Task: Only these lines, please: the first one of the records through the one containing "Heavy Jadau Kundan", retyped exactly, both ends included and pictures omitted.

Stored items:
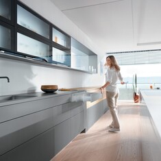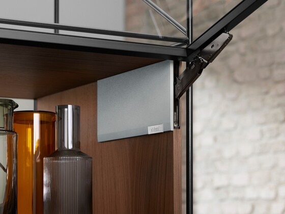 The BLUMOTION soft-close mechanism ensures that the integrated lift system always closes softly and effortlessly. For handle-less applications, our narrowest lift system can also be implemented with TIP-ON motion technology.
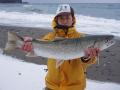 磯谷郡蘭越町にある「フィッシングエリア・尻別川」ここのニジマスのパワーは半端じゃありません。1〜2lb強いラインをご用意下さい。魚のコンディションも抜群! |
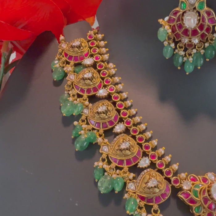 Heavy Jadau Kundan Necklace set with Pendant and Kundan’s and Monalisa beads hanging.
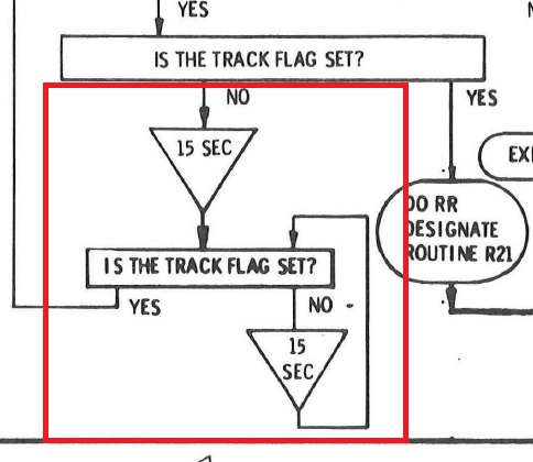 ![]() Et ensuite le programme donne le choix à l'astronaute de terminer le programme ou non. S'il choisit de ne pas terminer le programme, la boucle complète est exécutée à nouveau avec les drapeaux P25 et TRACK toujours positionnés. Cela signifie que le programme n'a pas de porte de sortie automatique; l'astronaute peut le bloquer indéfiniment s'il le veut...ou s'il omet de répondre à la question. N'est-ce pas un peu dangereux? |
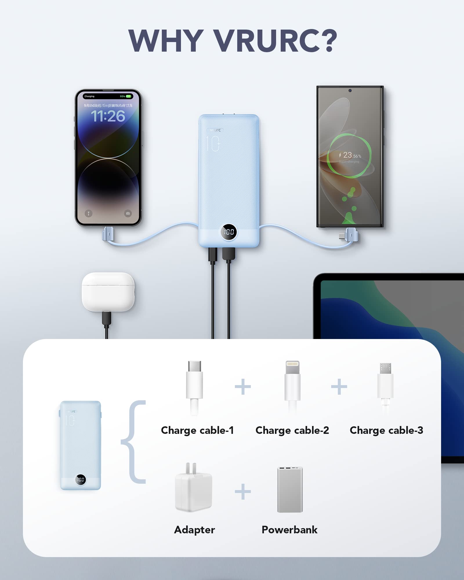 [Portable Charger With Built-in Cables and AC Wall Plug] This portable charger is not only has a built-in Micro cable, USB C cable, and other charging cable for iPhone, but also is equipped with a USB port,and USB C port. Also, Portable phone charger is built-in wall plug that charges the power bank itself directly from the wall outlet.
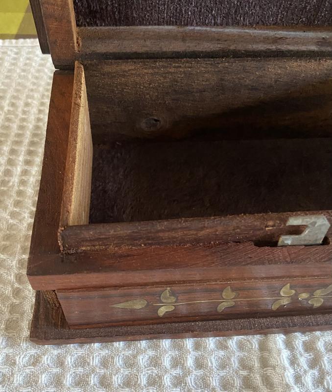Деревянный ящик с инкрустацией металлом желтого цвета. Размер 18 на 13 см, высота 6 см.
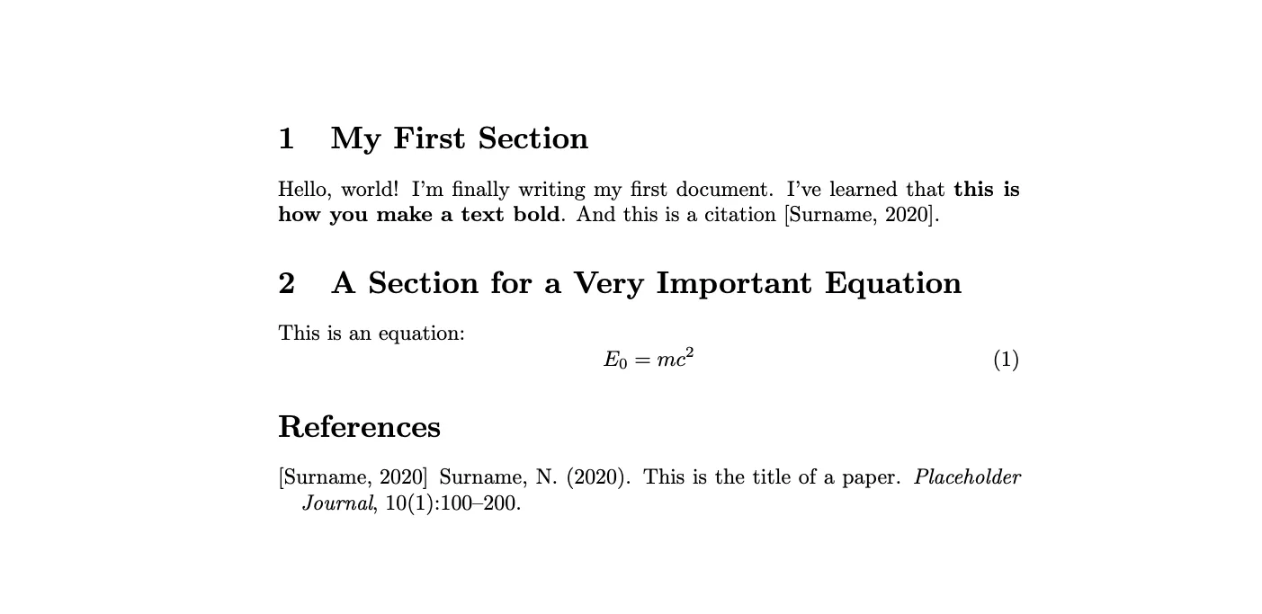 Hello, world! I'm finally writing my first document. I've learned that \textbf{this is how you make a text bold}. And this is a citation \cite{surname2020placeholder}.

Task solution:
 The BLUMOTION soft-close mechanism ensures that the integrated lift system always closes softly and effortlessly. For handle-less applications, our narrowest lift system can also be implemented with TIP-ON motion technology.
 磯谷郡蘭越町にある「フィッシングエリア・尻別川」ここのニジマスのパワーは半端じゃありません。1〜2lb強いラインをご用意下さい。魚のコンディションも抜群! |
 Heavy Jadau Kundan Necklace set with Pendant and Kundan’s and Monalisa beads hanging.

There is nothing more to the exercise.